[Aim of the exercise] Lines below containing the word "landscaping" should be copied out.

[Supplied records]
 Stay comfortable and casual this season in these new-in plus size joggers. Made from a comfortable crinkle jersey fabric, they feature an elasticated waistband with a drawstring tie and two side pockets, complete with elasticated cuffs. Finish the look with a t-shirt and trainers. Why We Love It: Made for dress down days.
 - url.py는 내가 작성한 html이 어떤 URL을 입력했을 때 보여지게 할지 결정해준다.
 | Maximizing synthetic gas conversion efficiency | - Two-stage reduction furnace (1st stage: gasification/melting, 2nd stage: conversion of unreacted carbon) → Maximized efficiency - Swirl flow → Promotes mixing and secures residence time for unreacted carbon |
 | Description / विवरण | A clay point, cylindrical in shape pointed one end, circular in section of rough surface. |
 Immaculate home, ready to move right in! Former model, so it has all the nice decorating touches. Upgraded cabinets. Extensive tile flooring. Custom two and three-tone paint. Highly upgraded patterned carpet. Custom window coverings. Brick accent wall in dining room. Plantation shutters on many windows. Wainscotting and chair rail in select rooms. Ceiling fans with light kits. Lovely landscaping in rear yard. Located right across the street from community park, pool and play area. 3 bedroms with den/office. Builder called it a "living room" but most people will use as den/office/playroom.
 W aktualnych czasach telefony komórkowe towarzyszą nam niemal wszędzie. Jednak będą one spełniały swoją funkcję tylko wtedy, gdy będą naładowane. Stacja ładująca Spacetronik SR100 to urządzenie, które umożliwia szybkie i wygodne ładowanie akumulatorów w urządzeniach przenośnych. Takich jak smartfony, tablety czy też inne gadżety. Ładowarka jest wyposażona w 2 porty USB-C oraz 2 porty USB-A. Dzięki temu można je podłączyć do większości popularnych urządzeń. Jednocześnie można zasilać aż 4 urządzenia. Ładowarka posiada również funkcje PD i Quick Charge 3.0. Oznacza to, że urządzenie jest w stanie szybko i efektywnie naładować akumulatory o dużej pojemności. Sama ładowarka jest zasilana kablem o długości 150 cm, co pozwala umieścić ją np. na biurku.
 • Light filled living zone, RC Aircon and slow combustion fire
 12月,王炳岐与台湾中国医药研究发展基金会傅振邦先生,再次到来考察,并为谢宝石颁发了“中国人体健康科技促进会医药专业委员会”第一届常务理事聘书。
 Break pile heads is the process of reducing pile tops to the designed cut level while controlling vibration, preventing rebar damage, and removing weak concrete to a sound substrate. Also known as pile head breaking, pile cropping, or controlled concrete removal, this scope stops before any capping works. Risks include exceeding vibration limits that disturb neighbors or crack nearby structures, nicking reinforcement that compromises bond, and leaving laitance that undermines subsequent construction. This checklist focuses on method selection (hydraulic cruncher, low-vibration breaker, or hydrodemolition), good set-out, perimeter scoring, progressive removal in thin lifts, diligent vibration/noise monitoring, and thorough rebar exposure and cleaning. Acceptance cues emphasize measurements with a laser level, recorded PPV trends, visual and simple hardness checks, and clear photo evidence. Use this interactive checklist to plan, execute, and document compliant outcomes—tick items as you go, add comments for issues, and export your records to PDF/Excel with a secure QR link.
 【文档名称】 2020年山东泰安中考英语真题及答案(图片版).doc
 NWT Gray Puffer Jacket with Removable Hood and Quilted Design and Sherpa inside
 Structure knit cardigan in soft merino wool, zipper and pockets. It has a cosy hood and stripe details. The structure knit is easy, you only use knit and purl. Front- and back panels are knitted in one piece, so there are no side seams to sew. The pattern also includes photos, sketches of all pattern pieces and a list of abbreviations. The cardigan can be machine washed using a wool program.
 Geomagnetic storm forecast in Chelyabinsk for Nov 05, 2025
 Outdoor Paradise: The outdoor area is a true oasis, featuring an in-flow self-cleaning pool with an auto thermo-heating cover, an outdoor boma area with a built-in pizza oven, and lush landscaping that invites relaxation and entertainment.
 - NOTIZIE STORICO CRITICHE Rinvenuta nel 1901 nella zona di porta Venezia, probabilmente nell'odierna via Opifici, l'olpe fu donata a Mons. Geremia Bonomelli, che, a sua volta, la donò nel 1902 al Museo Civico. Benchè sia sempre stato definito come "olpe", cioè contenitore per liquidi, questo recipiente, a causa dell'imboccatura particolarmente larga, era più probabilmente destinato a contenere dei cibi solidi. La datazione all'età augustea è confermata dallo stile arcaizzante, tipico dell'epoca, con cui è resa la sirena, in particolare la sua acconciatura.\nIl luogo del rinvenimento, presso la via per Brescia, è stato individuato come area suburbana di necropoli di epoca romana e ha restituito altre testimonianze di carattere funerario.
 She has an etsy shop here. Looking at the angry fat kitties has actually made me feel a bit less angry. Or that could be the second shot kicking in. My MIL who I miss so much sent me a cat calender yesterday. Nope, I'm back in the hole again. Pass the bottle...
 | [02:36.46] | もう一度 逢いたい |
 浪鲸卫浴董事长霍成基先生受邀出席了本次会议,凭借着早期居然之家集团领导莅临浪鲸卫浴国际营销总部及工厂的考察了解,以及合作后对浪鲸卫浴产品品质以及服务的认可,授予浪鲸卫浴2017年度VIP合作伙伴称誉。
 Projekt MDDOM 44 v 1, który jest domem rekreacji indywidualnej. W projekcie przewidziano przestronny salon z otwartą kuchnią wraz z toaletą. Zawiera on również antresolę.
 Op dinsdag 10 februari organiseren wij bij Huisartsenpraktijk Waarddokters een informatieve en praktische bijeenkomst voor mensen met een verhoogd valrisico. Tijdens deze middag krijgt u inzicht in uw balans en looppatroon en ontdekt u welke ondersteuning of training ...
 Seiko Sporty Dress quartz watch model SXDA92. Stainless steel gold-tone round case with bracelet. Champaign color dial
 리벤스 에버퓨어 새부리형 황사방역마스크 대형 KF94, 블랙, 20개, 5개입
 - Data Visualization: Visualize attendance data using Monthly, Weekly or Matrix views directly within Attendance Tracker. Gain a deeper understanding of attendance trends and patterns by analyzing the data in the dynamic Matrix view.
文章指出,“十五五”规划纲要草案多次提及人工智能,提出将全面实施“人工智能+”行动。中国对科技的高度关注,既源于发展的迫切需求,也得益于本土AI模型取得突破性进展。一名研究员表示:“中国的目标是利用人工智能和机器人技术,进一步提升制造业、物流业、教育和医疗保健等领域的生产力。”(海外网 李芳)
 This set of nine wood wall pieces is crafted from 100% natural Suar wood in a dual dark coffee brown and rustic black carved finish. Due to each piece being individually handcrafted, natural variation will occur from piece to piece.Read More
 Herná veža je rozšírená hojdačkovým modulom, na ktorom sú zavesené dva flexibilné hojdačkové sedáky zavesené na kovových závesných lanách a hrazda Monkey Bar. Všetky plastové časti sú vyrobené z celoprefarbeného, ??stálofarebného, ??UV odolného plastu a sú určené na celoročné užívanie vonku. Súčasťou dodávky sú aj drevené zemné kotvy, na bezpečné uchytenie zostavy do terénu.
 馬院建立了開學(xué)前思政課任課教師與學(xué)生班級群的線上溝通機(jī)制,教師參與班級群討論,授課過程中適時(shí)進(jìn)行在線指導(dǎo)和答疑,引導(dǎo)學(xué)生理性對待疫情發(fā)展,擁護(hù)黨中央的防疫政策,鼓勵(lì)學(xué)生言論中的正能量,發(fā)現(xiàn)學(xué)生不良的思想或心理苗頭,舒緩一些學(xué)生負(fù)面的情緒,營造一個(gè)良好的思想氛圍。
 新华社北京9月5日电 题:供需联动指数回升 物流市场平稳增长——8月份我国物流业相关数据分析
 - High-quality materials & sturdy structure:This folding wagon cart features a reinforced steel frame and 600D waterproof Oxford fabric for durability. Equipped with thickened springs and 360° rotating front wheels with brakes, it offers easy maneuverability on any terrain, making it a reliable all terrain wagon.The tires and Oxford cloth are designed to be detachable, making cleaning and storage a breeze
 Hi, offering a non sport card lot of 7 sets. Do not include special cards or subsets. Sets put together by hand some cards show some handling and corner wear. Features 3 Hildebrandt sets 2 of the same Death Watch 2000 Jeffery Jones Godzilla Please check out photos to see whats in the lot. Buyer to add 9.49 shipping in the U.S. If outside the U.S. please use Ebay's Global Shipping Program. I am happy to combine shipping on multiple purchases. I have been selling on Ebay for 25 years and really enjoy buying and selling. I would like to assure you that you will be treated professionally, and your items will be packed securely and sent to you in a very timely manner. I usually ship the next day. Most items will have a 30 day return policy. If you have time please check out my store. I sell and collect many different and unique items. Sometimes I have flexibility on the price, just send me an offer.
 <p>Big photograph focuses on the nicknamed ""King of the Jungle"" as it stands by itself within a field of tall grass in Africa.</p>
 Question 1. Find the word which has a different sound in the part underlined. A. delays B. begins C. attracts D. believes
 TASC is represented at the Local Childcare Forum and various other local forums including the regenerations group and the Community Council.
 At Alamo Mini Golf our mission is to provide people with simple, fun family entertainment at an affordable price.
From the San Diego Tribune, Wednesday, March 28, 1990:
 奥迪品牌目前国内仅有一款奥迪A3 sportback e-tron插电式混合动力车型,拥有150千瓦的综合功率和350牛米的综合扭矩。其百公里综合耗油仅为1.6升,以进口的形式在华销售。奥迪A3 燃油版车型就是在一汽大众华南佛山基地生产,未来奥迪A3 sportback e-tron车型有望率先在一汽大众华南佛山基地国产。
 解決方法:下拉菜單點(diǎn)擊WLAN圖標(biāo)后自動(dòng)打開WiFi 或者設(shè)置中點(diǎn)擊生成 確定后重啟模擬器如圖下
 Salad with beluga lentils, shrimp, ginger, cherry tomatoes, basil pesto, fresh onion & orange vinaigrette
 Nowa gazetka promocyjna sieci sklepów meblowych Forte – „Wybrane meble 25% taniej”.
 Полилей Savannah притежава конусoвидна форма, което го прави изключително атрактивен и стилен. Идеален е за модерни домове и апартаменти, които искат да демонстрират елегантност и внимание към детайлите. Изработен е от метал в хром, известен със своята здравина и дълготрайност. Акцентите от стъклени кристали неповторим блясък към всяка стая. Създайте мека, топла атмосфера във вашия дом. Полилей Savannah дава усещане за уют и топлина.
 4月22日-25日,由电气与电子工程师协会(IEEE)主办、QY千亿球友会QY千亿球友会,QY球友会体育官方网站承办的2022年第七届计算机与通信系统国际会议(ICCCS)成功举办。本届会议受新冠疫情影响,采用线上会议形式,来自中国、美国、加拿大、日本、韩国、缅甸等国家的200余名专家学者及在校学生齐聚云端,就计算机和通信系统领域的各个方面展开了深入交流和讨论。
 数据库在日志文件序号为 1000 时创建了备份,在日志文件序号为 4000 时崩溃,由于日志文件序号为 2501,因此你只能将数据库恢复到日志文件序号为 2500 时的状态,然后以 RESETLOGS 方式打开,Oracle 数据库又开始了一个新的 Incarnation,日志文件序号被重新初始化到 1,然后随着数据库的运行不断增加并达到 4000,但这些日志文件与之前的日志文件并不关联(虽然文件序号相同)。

[Result of the exercise]
 Immaculate home, ready to move right in! Former model, so it has all the nice decorating touches. Upgraded cabinets. Extensive tile flooring. Custom two and three-tone paint. Highly upgraded patterned carpet. Custom window coverings. Brick accent wall in dining room. Plantation shutters on many windows. Wainscotting and chair rail in select rooms. Ceiling fans with light kits. Lovely landscaping in rear yard. Located right across the street from community park, pool and play area. 3 bedroms with den/office. Builder called it a "living room" but most people will use as den/office/playroom.
 Outdoor Paradise: The outdoor area is a true oasis, featuring an in-flow self-cleaning pool with an auto thermo-heating cover, an outdoor boma area with a built-in pizza oven, and lush landscaping that invites relaxation and entertainment.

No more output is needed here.